The number of women in IT-related educations and programmes in Sweden is currently low and even falling. The same trend has been reported in the US, the UK and a number of other Western countries. Extensive efforts have been made to reverse this decline in women’s participation in the IT sector, not least in the area of recruiting and retaining women in higher IT education. In a two-plus-two year program at the Carnegie-Mellon University, the authors identified a number of key factors for the success in getting women students to their computer science program (Fisher & Margolis, 2002). Despite the success reported at Carnegie-Mellon, few other universities seem to have been able to reproduce their results. In Sweden, Chalmers University of Technology introduced a reformed Computer Science and Engineering program (D++1) in order to increase the number of women. Despite an initial success, the initiative has been a failure as regards recruiting and retaining women students (Wistedt, 2001).
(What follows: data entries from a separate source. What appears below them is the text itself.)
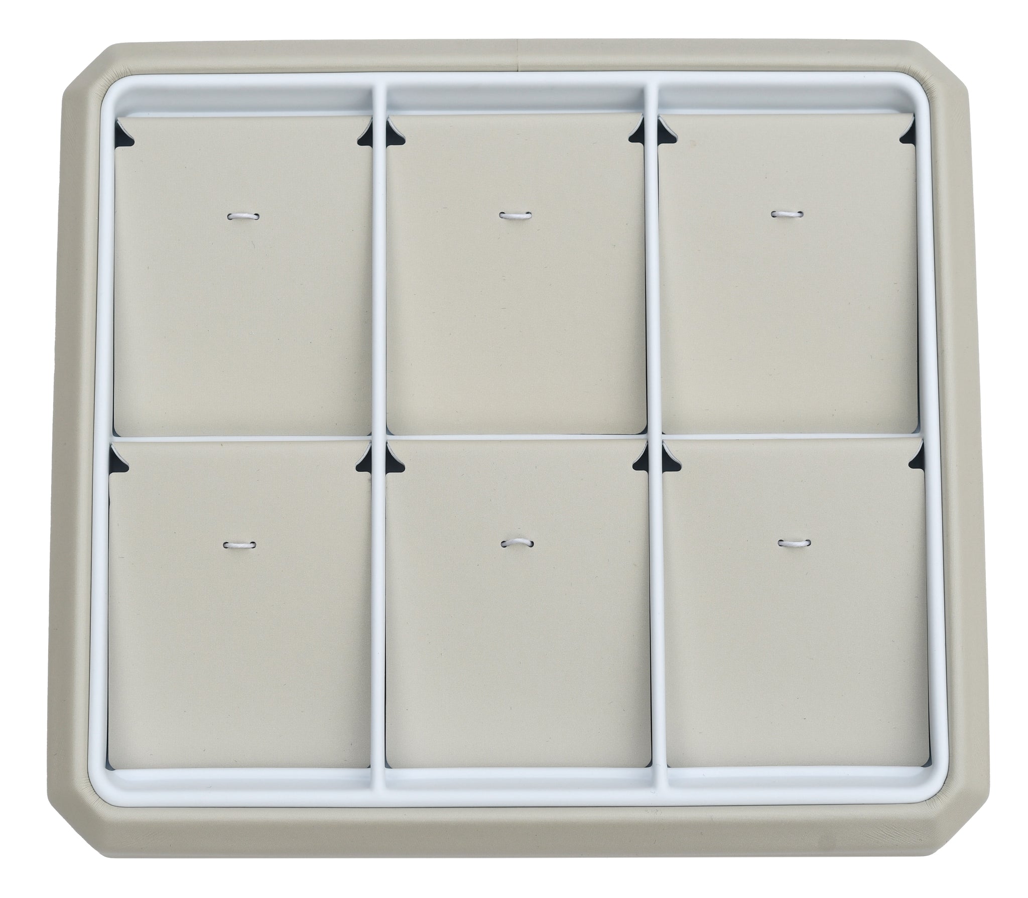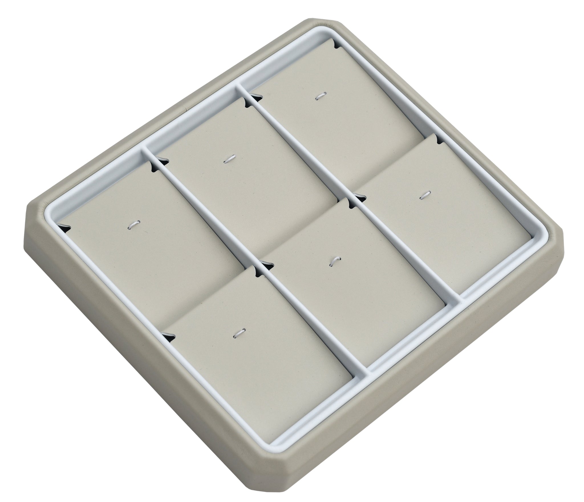 Features interchangeable pads with any other 6 space trays for matching jewelry sets.
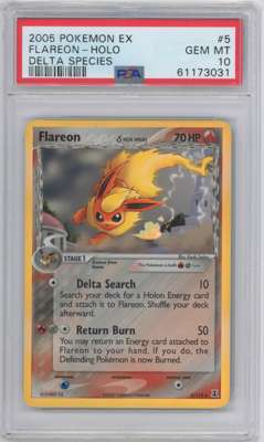 This lot features a Holo Flareon from the 2005 Delta Species expansion graded a perfect PSA 10.
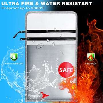 COLCASE Fireproof Document Bag Upgraded 2 Pockets (2000 ℉)15 x 11 Inches Silicone Coated Fireproof and Waterproof Bag Fireproof Safe Bag Storage for Money, Documents, Jewelry and Passport
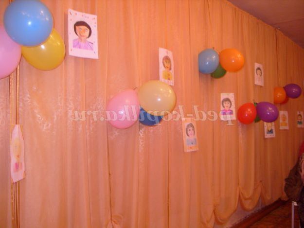 Оформлення залу: повітряні кульки, плакати з вітаннями, стінгазета «Наші дівчата», букети квітів.
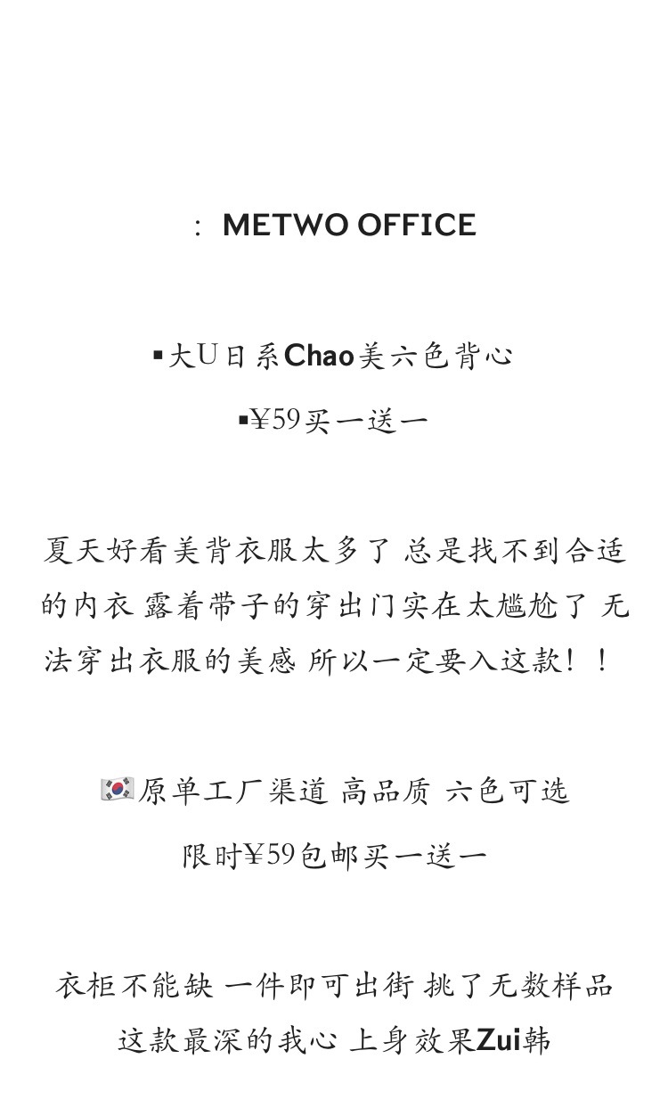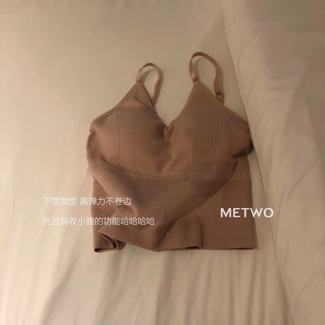 METWO 수제 6 색 라이트 컬러 롱 일본식 모든 매치 대형 U 캐미솔베이스 뷰티 백 래핑 가슴 속옷 여성용스토어 가기
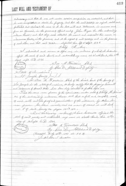 St. Joseph County Indiana Record of Wills Book 1 Page 413
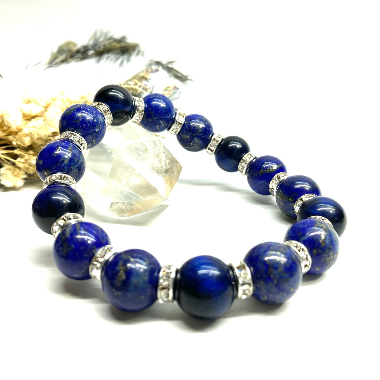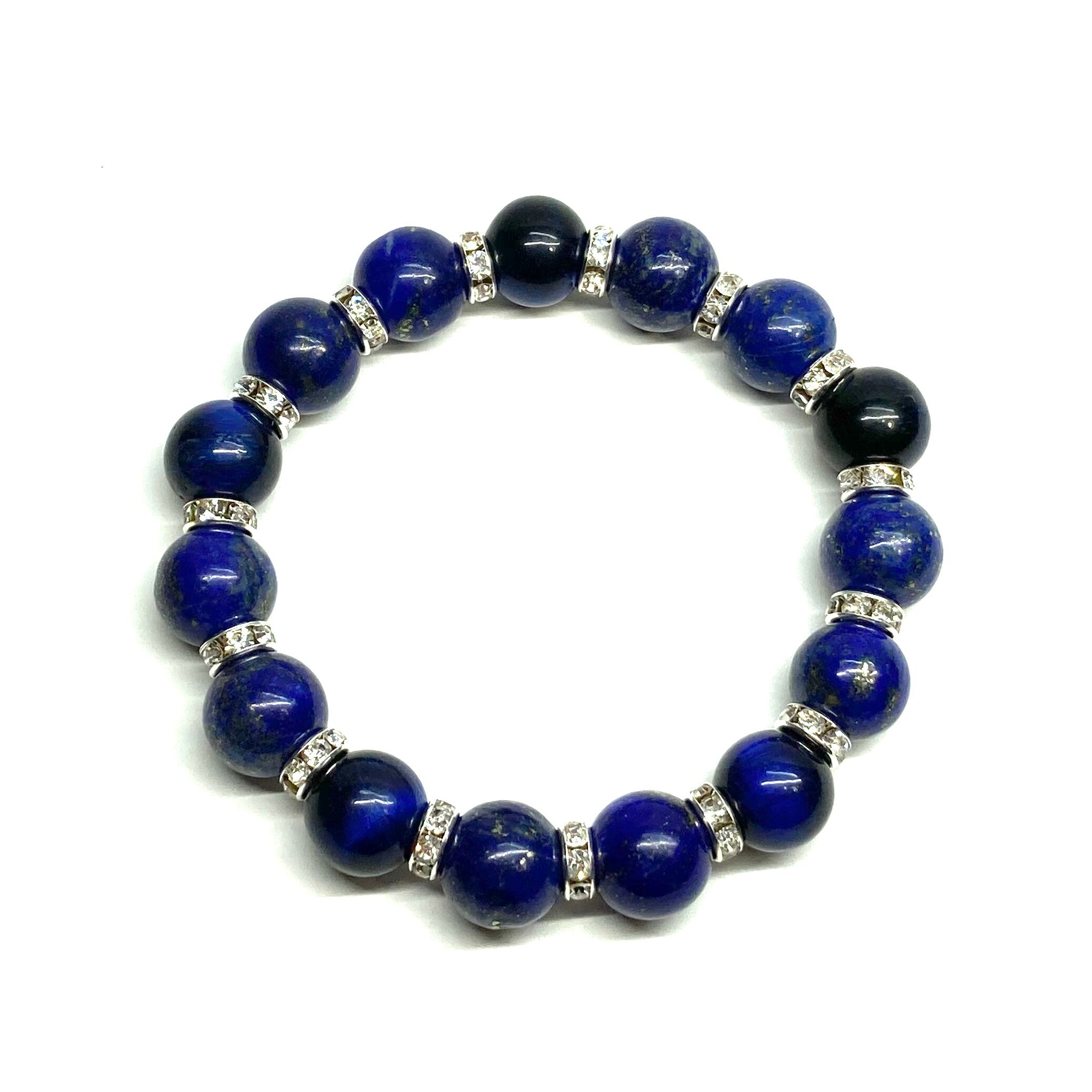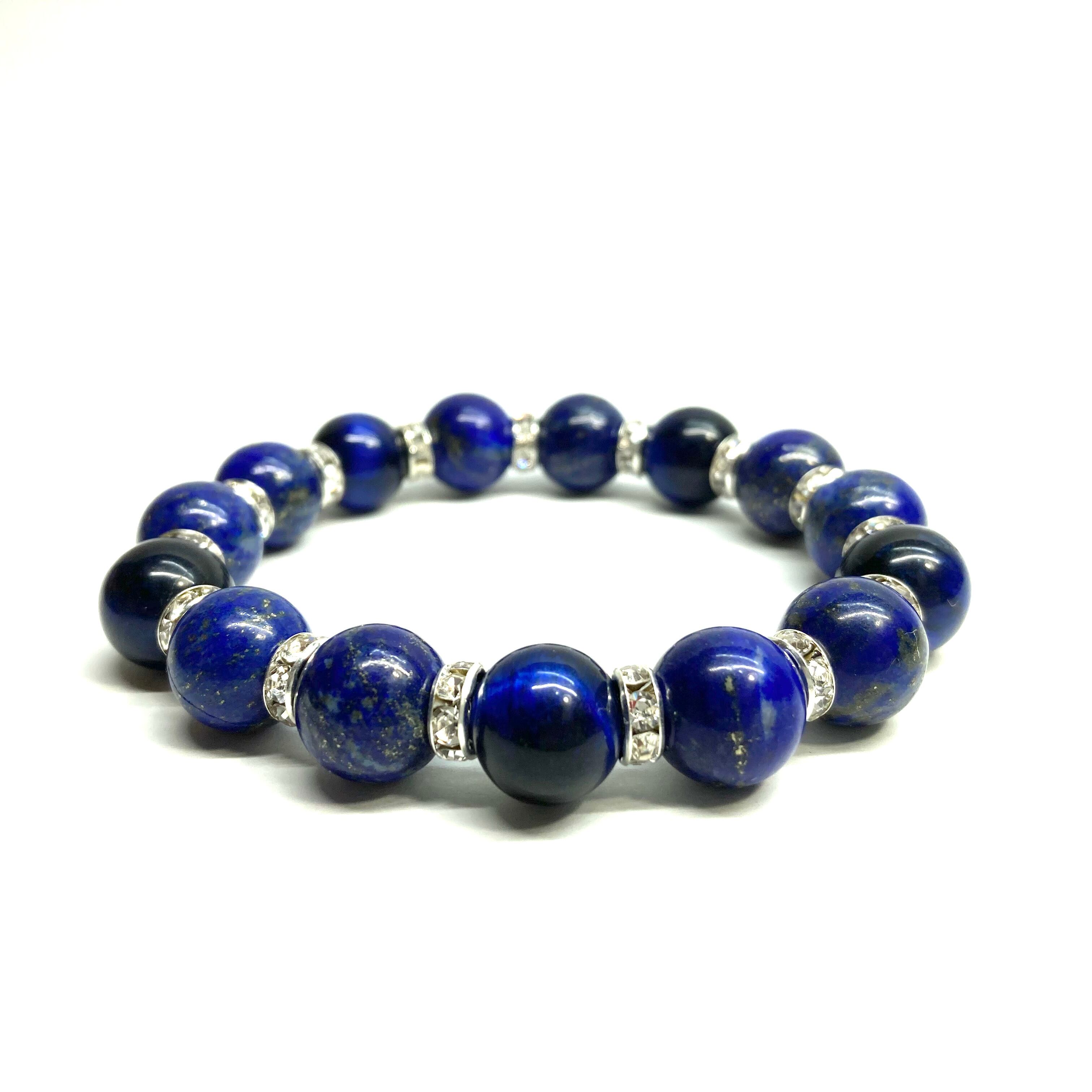 こちらは、ラピスラズリとグリーンタイガーアイを組み合わせたパワーストーンブレスレットです。間にはロンデルを挟み高級感あるデザインに仕上げております。石大きさは12mm玉を使用して内周 約18cmです。気になる方は是非この機会にどうぞ。
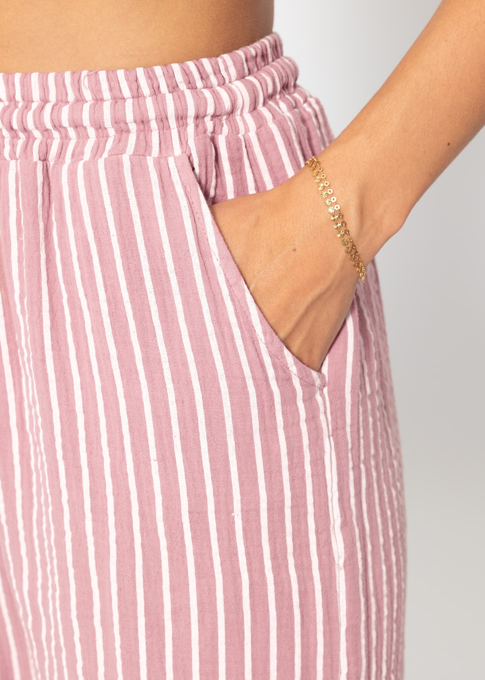 Diese Musselin Hose ist die ideale Wahl für entspannte Tage und lässige Outfits. Das Modell besitzt eine lockere Passform, einen hohen, elastischen Bund mit Bindeband für eine individuelle Anpassung. Seitliche Eingrifftaschen bieten Platz für kleine Alltagsgegenstände. Gefertigt aus reiner Baumwolle, bietet diese Hose mit weitem Bein optimalen Tragekomfort. Der Streifen Print verleiht der Hose den maritimen Look und macht sie zu einem echten Blickfang.

Feminist research suggests that the problem of gender and IT is far more complex than a mere matter of under-representation that focuses on differences between men and women. Corneliussen (2003) uses the concept of subject positions to discuss how gender is constructed in relation to computers, shaping the way real men and women orient themselves in relation to these gendered subject positions. Björkman (2005) suggests that the problem is an epistemological one, i.e. a problem of what knowledge counts and whose knowledge counts in computer science and IT. Cukier et al. (2002) discuss the narrow definition of IT that dominates the discourse, and advocate a broader definition of IT including not only the technical bits but also the applications. Clegg (2001) discusses the relation between gender, education and computing and argues that gendered practices have pervaded the area of computing throughout its history and that these practices have maintained an ”outsider” position for women and girls.

In this paper, based upon my recent study of how Swedish students and IT professionals perceive computer science and programming, I discuss some aspects of the gendering of computer science and IT.